Figure 3 displays 30 min. flow and compressive strength results of the three mortar mixes. OPC mortars CEM I and CEM III show good workability because of the plasticizer used for these mixes. The mix containing CAC 45 has the lowest flowability after 30 min. indicating a stiff mortar mix design which results in perfect properties for a shotcrete application in the sewer. Mixes containing OPC show high compressive strength of around 70 MPa after 38d. CAC 45 mortar has with 78.4 MPa the highest compressive strength of all mixes even with a W/C-ratio 0.40.
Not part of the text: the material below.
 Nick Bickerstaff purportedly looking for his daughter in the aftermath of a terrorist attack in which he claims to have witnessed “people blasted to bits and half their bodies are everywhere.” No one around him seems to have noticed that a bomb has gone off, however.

3.2 Biogenic sulfuric acid corrosion results

pH-value evolution and weight change of the specimens under biological attack are displayed in Figure 4. All mixes show initial pH between 8 and 10 after one week. OPC-based mix CEM I stabilizes at pH 6 between week 4 and week 9 and then rises and stabilizes at around pH 7 until week 20. Subsequently, the pH value sharply drops to pH 2 and decreases to pH < 1 until the end of the study. CEM III mortar shows a constant decrease of pH starting from week 1 until the end of the study. The mix containing CAC 45 reaches a surface pH of around 4 until week 16. Its surface pH remains stable until week 30 and then slightly decreases to pH > 2.
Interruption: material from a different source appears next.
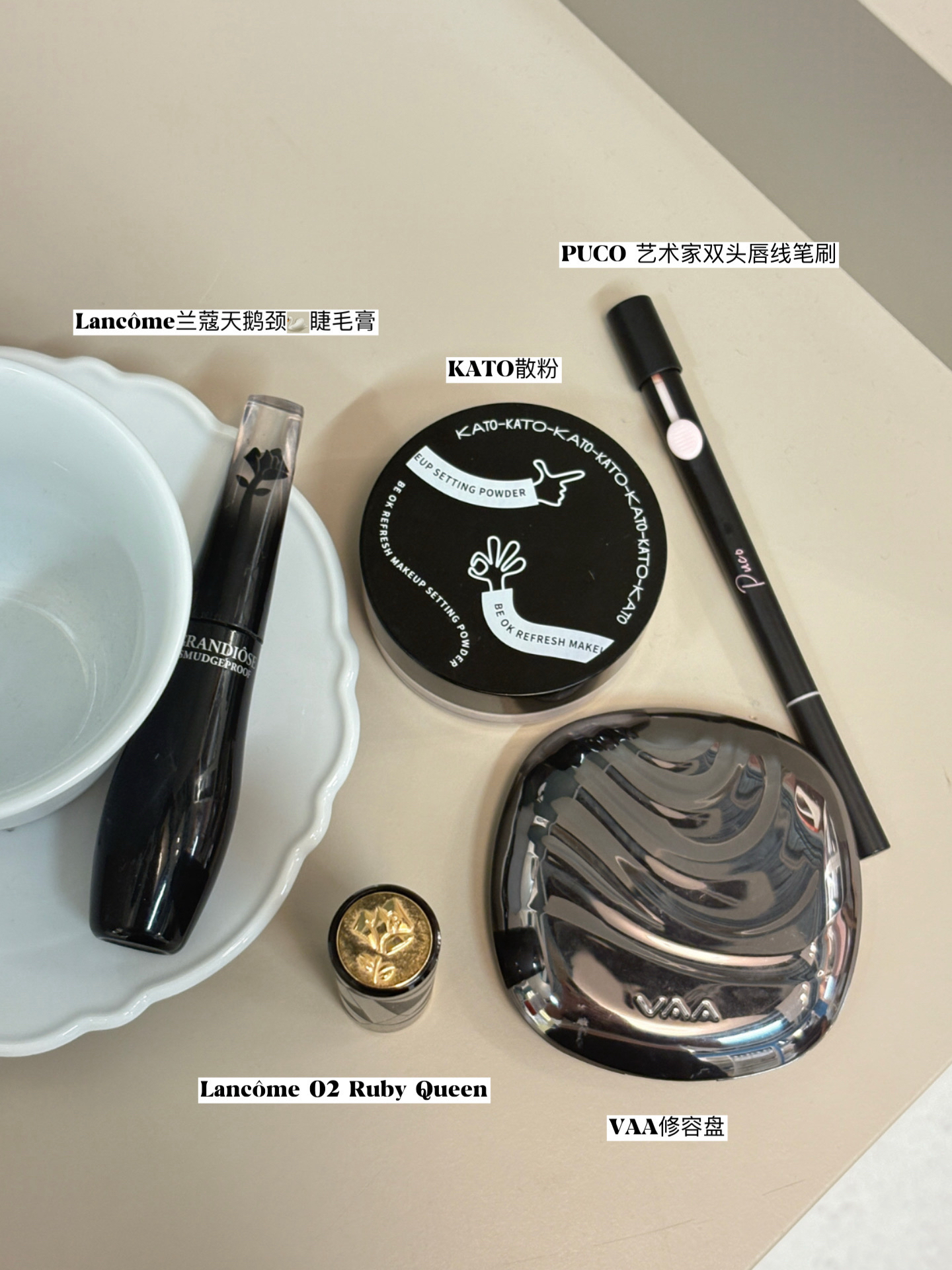 ①Lancôme兰蔻天鹅颈睫毛膏 是真的牛,刷头弯弯的,睫毛刷完又翘又密,完全不会苍蝇腿~ ②KATO散粉 我基本上化妆一直都在用这个,出油了拍一拍立马哑光,持妆能打。 ③PUCO唇线笔 太适合勾勒唇形了,新手也能画出饱满唇峰,然后叠涂Lancôme兰蔻02口红,这红宝石色一上嘴,又纯又欲的小野猫感直接拉满 ④还有VAA修容盘,鼻影色自然得像天生高鼻梁,侧影收脸颊也很绝,不会显得脏脏的。 整套画...

No corrosion by means of mass loss is detected in all samples after 8 weeks of exposure. CEM III has the highest mass loss after 16 weeks whilst all other mixes have a mass loss < 20 %. CAC 45 mix has the lowest mass loss after 24 weeks. After 39 weeks of exposure, CEM I and CEM III are severely affected by corrosion. pH evolution confirms CEM I and CEM III cannot buffer the acid produced by bacteria and therefore the pH value decreases. Both OPC mortar mixes seems to buffer the system for the first months, but pH drops down to 1 at the end of the weathering cycle. Mixes containing OPC  show no high weight loss till week 16 but start to be strongly affected by corrosion after 24 weeks. The presence of CaO in the mixes containing OPC promote acid attack and gypsum formation is observed at the surface.
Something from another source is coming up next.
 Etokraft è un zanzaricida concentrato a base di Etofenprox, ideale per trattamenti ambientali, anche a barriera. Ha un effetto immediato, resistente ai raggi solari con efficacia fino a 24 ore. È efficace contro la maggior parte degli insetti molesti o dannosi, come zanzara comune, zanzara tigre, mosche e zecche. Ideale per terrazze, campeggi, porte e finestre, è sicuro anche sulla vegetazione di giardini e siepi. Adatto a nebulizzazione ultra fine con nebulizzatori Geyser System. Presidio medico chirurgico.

Mix CAC 45 contains Calcium Aluminate Cement and has the lowest mass loss of all samples. The better buffer capacity by means of pH values confirms the higher biogenic corrosion resistance. Whilst the pH of OPC-based mixes descends to around 1, CAC 45 mortar stabilizes between pH 2 and 4. The CAC substrate inhibits bacteria colonization, thus limiting sulfuric acid production. Furthermore, pH stabilization indicates the protective role of hydrous alumina gel layer.

Table 4 displays the CAC 45 and CEM III mortar cube after 39 weeks of testing, directly after removal from the corrosion chamber.

CEM III mortar cube is completely disintegrated by expansion and cracks. The OPC matrix has completely transformed into gypsum whereas the CAC 45 mortar has only slight biogenic corrosion on its surface and is in cubic shape.

Table 5 displays the mortar cube evolution for 39 weeks. All samples have been washed and loose parts have been removed. The removed parts consist of quartz sand and gypsum.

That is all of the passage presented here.